The trouble is, that depending on how you define these things, it can rather stretch the definition of a “game”. Are these things really games? Do we really have a concrete definition of what it actually is to be a videogame? Wikipedia (bear with me) defines a videogame as, “an electronic game that involves human interaction with a user interface to generate visual feedback on a video device such as a TV screen or computer monitor”. I can agree with that, although the word “game” would need defining in order to really nail that down. A game, they say, is a, “structured form of play, usually undertaken for enjoyment and sometimes used as an educational tool”. So, combining those to remove terms which also need defining yields a videogame as, “an electronic structured form of play, usually undertaken for enjoyment and sometimes used as an educational tool, that involves human interaction with a user interface to generate visual feedback on a video device such as a TV screen or computer monitor”. That sounds perfectly reasonable to me, if a little verbose.

So it seems to me, that the structural and recreational aspects of “play” are really rather fundamental to what a videogame is. So really, is something which is not recreational – in other words, something which you do not engage in for fun and pleasure, something that’s entire raison d’etre is to make you feel uncomfortable, for example – is this really a videogame? If not, what is it? Do we even have terminology for these kinds of things?

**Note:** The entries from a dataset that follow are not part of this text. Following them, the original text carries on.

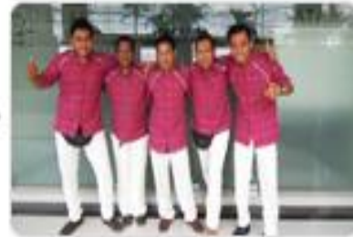
Matahari Bali - Driver 마타하리 발리 운전기사
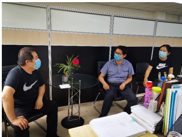
“两会”期间各项保障工作。

为深入贯彻落实空港开发纪委《关于全国两会召开期间强化监督检查的通知》，股份公司对强化服务保障、疫情防控、复工复产、安全维稳等工作进行再部署，力争做好“两会”期间各项保障工作。
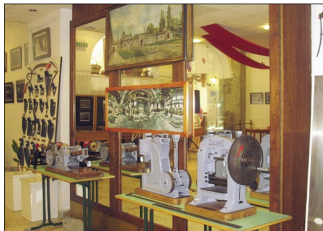
Na razstavi so bili dokumenti, keipi pa maketi tō

Za tau, ka se naredi edna navadna kosa, je trbōlo napraviti 42 fēle del. V koso so nutvrežali simbol delavnice, ka aj bi kŭpci znali, gde so go naredili. Med lejtami 1902-2001 so v Monoštri redili 190 fēle kos, zvekšoga na mašinaj, šteri so bili tam že od začetkov pa so gnes muzealna vrejdnost. Zvŭn kos so eške redili kosice
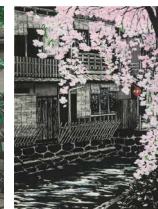
「桜薫白川」2004年(第80回記念李白日展出品)
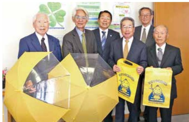
ランドセルカバーと傘を寄贈した市交通安全協会の役員
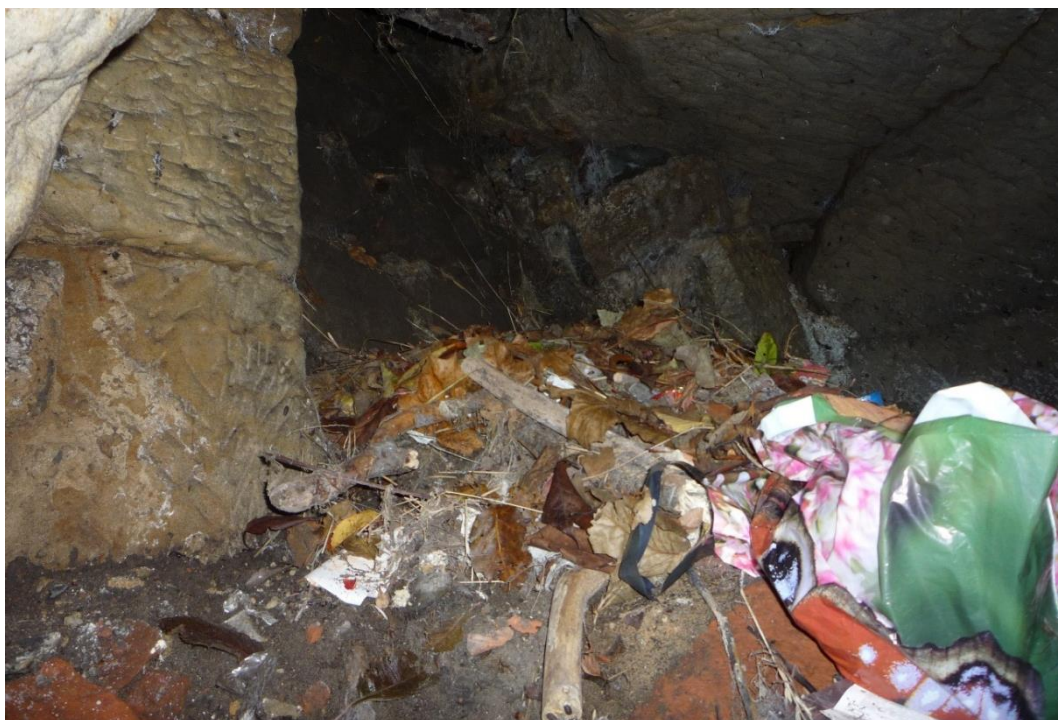
Foto č. 39 – Odpadky ve spojovací chodbě mezi sklepy E a F (říjen 2019).
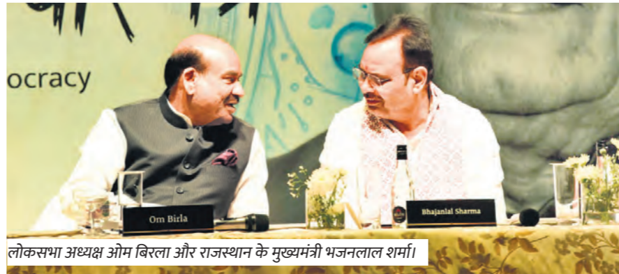
लोकसभा अध्यक्ष ओम बिरला और राजस्थान के मुख्यमंत्री भजनलाल शर्मा।
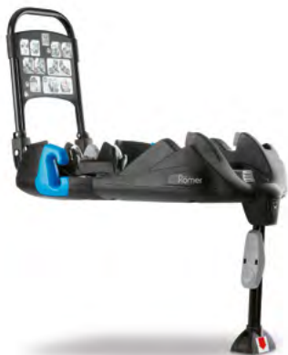
Basisstation für Kindersitz G0 (23) Zusätzliche Schutzwirkung und Stabilität.

Mit Kindersitzen von Toyota überlassen Sie nichts dem Zufall. Dank der idealen Verbindung von Sicherheit und hohem Sitzkomfort werden auch lange Reisen für kleine Passagiere zum unbeschwerten Vergnügen.
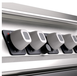
Dank der Zertifizierung als strahlwassergeschützt (IPX5), die durch spezielle Tests erreicht wurde, können die Knöpfe und Unterknöpfe gewaschen werden, ohne dass die Funktionalität und Sicherheit beeinträchtigt wird.
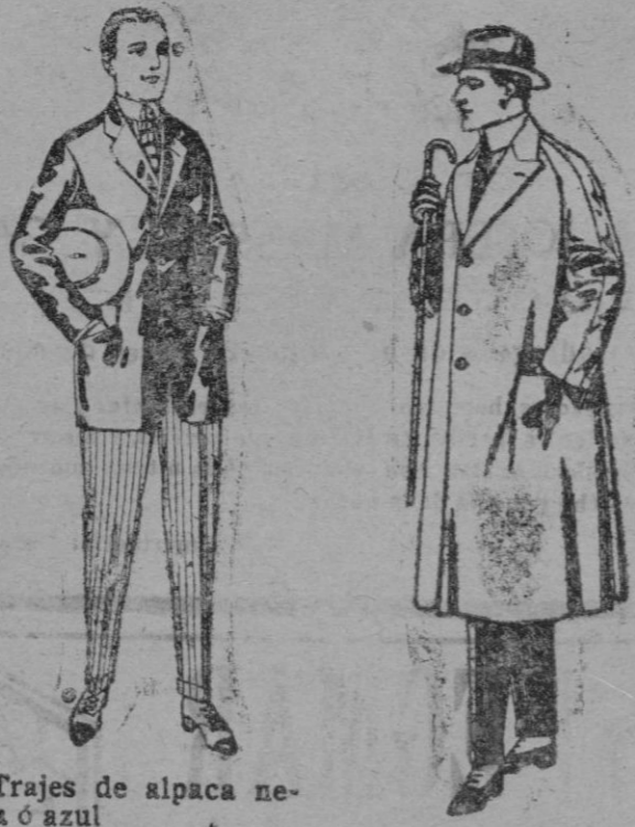
Trajes de alpaca negra ó azul De Ptas. 40 á 85 Americanas de alpaca negra ó azul De ptas. 18 á 40 Pantalones de drill ó franela blanca ó listada De ptas. 6 á 30

Back in the early CD-ROM days, we had games which branded themselves as “interactive movies” and that was an excellent description of what they were. The trouble with that term was most of them were flupping awful so I’m not entirely convinced that were I to make one, I’d particularly want it associated with that name. But surely we can come up with good terminology for this stuff? It’s not like your endeavour is suddenly less interesting or exciting if it wasn’t called a videogame any more. Are visual novels “games”? To me… no, not really. They’re visual novels, and that’s a perfect description for them. Some are fantastic, some are shite – same as everything else. They’re not good or bad because they’re a visual novel any more than a narrative is good or bad because it’s explored as a documentary film.

Steam has “Games”, “Software”, “Hardware”, “Videos”. What if there was another section called “Interactive Movies” (I’m using that term for lack of anything better). Would there be so many raging arguments on forums if that’s where those things were filed? There were a few arguments when films started appearing on Steam, but they were all filed under “Videos” so, once people got used to the idea, arguments decreased. While there’s a million reasons in play as to why there’s often so much hostility towards certain games, does this not in part revolve around people’s differing ideas of what games should or should not be? Surely this, at least, is a solvable problem?

Perhaps this is all just the result of the number of videogames which aren’t necessarily technically videogames representing only a tiny fraction of the whole. That to take those games and file them somewhere else would seem like relegating them to the back corner of the shop where no-one will see them. But on the flip side, maybe there’s a whole bunch of people out there who’d say they’re not interested in videogames but would actually be really interested in this stuff, and that putting all these things together – away from the shoot-people-in-the-face games that they’re not in the least bit interested in – could actually draw attention to them , particularly from mainstream press outlets who would not normally cover videogames as part of their Arts coverage.

I don’t know, ultimately. I just feel like these ludicrously broad terms – the likes of “videogame”, “indie”, “gamer” – need concrete and specific definitions if we’re going to have useful conversations about them. Otherwise we’ll just have arguments which, fundamentally, are fueled by us all having different interpretations of what these terms actually mean. As it stands, all we can really say about videogames is that they’re electronic things, indie is just a vibe, genre or the lack of publisher ownership (how does that make a game better or worse? Oooh I LOVE videogames which aren’t owned by a Publisher because… uhh… yeah, sometimes they’re shite too actually), and a gamer is anything from pretty much anybody who’s ever used a phone, to a tremendously specific subset depending on which article you read. None of this is tremendously helpful.